Reading Continuation, one statement, one line, one epigram, doesn’t always lead in any meaningful or logical way to the next line or epigram; there seems little relationship to the previous or the following line or epigram. We know how the mind imposes order, or invents order and meaning, in what is perceived; when meaning isn't apparent, it is imposed by the mind. Reading Williams Burrough's cut-ups, those randomly selected excerpts of texts, one finds some incredible, and startling, juxtapositions of images and ideas; a similar effect, this time juxtaposing unrelated dream generated images, is found in poems by the Dadaists and the Surrealists. Here is William Burrough's statement on the human mind imposing meaning:

Our ancestors saw the creatures of the constellations in the apparently unorganized distribution of the stars. It has been shown experimentally through the viewing of random white dots on a screen that man tends to find pattern and picture where objectively there is none: his mental process shapes what it sees.                                                                                                                                   
                                        --William Burroughs, The Job, Interviews with
                                        Daniel Odier
(1969), p. 360

The human mind has a meaning function and a narrative function; our concept of reality is based on consensus, on common agreement, on what we have been conditioned or told to believe is real or factually true. There is the narrative with its structure of beginning, middle, and end or whatever arrangement one wants. The mind is essentially very conservative and needs to make sense or impose order on what is perceived; there are also the very infrequent moments of “Ah-Ha!”, those sudden insights or illumination, or epiphanies, that transcend both the meaning function, the narrative function, and consensual reality; a new order is discovered in this way. In Continuation, by placing one epigram beside another unrelated epigram, the cumulative effect is a possibly meaningful statement. Dudek, the social conservative, a man who was outwardly the advocate of the intellect, of “reason over passion”, also had an  irrational side, as do all artists and poets, and this can be seen in Dudek’s Continuation.

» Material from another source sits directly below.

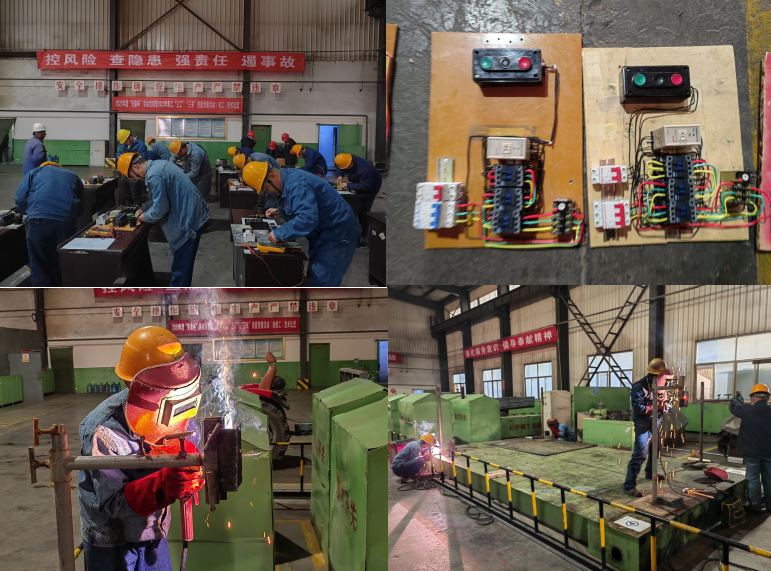 電工競賽現(xiàn)場,參賽選手面對(duì)繁瑣的配盤指導(dǎo)圖從容應(yīng)對(duì)。剪線、剝線、壓接……,一招一式都是那么的嫻熟輕快,肅靜的環(huán)節(jié)里沖刺著“濃濃的火藥味”;而維修工比賽現(xiàn)場內(nèi)卻異常熱鬧,新老電工、鉗工圍繞在設(shè)定的操作臺(tái)前,緊鑼密鼓地剪裁組料、焊接配件、清理焊渣、打磨表面,一套動(dòng)作行云流水、一氣呵成。

Thursday, February 2, 2012

Cutting up A.M. Klein's "The Mountain"

The mountain in the distance, at Mount Royal and Park Avenue

This is in response to Jason Camlot’s “After the Mountain; The A.M. Klein Reboot Project”. Klein’s original poem, “The Mountain”, is published below; it is followed by my cut-up of Klein’s poem, published in a chapbook of the same title, compiled and edited by Jason Camlot, and published by Synapse Press, Montreal, 2011:

For many years I have been interested in William Burroughs and Brion Gysins’ experiments in “cutting-up” texts. In this poem I have literally “re-mixed” A.M. Klein’s poem “The Mountain”. This “re-mix” is a fairly conservative cut-up of Klein’s original poem; that is, I have kept the integrity of Klein’s lines in tact but I have re-mixed the order of the lines. Klein’s text was cut-up with scissors and then randomly reassembled. The resulting “cut-up” text changes a straight linear poem—Klein’s lyrical “A Mountain”—reassembles or re-mixes the poem, and finds in the new text a similar lyrical expression as in Klein’s poem, but without the linearity of the original poem. Meaning persists, but it emerges strangely transformed by the re-mix.

Stephen Morrissey
14 November 2011



Klein’s original poem:

The Mountain

A.M. Klein

Who knows it only by the famous cross which bleeds
into the fifty miles of night its light
knows a night—scene;
and who upon a postcard knows its shape —
the buffalo straggled of the laurentian herd, —
holds in his hand a postcard.

In layers of mountains the history of mankind,
and in Mount Royal
which daily in a streetcar I surround
my youth, my childhood —
the pissabed dandelion, the coolie acorn,
green prickly husk of chestnut beneath mat of grass—
O all the amber afternoons
are still to be found.

There is a meadow, near the pebbly brook,
where buttercups, like once on the under of my chin
upon my heart still throw their rounds of yellow.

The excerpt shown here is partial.